And oh yes! I use PaintTool Sai. It's not free but it's pretty cheap. I've been using the 1.2 version for several years! It's especially good for lineart and painting~. (2.0 is also coming out eventually and from what I've seen from beta testing it, it looks promising too!)  Highly recommended!

I tried Krita once but I found its tool system a bit too complex to my liking and Photoshop is... I hate monthly payments. xD Medibang is nice too, though! I like to use it for creating text, smoke effects and random textures. :> OH! And the symmetry brushes are gorgeous!


----------



## Casty (Oct 5, 2017)

I'm doing the inktober stuff - I normally ink my work traditionally anyway so lol:

Here's the live shots of a few of them. I have done more but they're already colored.


----------



## Pipistrele (Oct 5, 2017)

Nothing special, but I'm still having some fun with it. I don't have enough time to elaborate on daily drawings, so yeah :<


----------



## Reserved_Krolik (Oct 5, 2017)

Eiliakins said:


> Oooh! you got them scanned! (Eeee! Cats!) Sweet! Oh gosh, that first one is so cool! Loving how the clown thing fades into the shadows.  Poor mask boy! And the dragon one is fun too. I took a moment to realize it was sideways and for a moment thought it was a dragon head coming out of another, big-nosed dragon's mouth and was super confused. xD I like how his face looks!
> 
> And oh yes! I use PaintTool Sai. It's not free but it's pretty cheap. I've been using the 1.2 version for several years! It's especially good for lineart and painting~. (2.0 is also coming out eventually and from what I've seen from beta testing it, it looks promising too!)  Highly recommended!
> 
> I tried Krita once but I found its tool system a bit too complex to my liking and Photoshop is... I hate monthly payments. xD Medibang is nice too, though! I like to use it for creating text, smoke effects and random textures. :> OH! And the symmetry brushes are gorgeous!
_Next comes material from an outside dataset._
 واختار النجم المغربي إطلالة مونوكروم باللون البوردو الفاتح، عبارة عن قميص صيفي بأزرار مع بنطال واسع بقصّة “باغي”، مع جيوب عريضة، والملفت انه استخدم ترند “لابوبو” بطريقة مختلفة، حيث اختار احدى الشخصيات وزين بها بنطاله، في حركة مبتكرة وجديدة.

 Well, the mask kid is... neither confirmed to be male or female? Yeah, I think the dragon one got a little limited due to the size of the sketchcard... The bridge ended up taking more space than I wanted.
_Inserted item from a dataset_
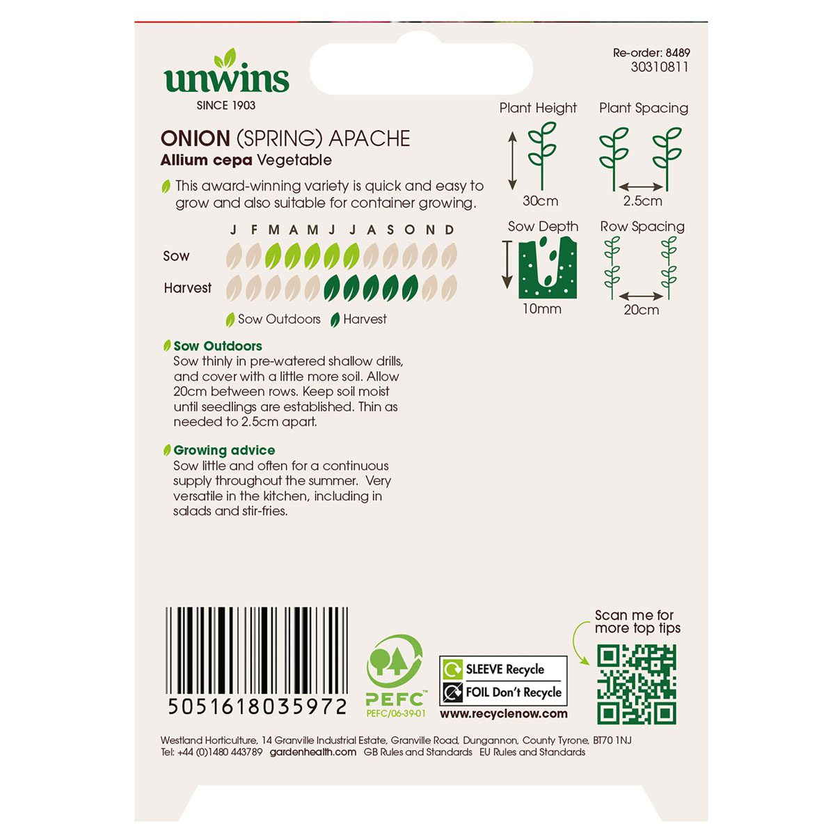 When to sow and harvest Unwins Spring Onion Apache Seeds

Krita does take a while to get used to, I made a huge effort to figure it out a few years ago, though. I have trouble with tutorials, a lot. I like it because it kind of mimics Corel Painter. 

I have an old version of Photoshop! CS2, I think. I used to have an even older version I had gotten on eBay for $15 though... 6 or 7. I was sad when I updated my computer and it wouldn't run anymore.

I might give Paint Tool Sai a try!


----------



## Reserved_Krolik (Oct 5, 2017)

Casty said:


> I'm doing the inktober stuff - I normally ink my work traditionally anyway so lol:
> 
> Here's the live shots of a few of them. I have done more but they're already colored.


That's amazing!


----------



## Reserved_Krolik (Oct 5, 2017)

Pipistrele said:


> Nothing special, but I'm still having some fun with it. I don't have enough time to elaborate on daily drawings, so yeah :<


Very nice! How did you make them all wiggly? That's a really cool effect!


----------



## lyar (Oct 5, 2017)

What do you guys use to ink? Because I don't think what I have will produce that sort of result. All I have are some uniball pens


----------



## Eiliakins (Oct 5, 2017)

Oh wow! This place suddenly got lively! Hurray!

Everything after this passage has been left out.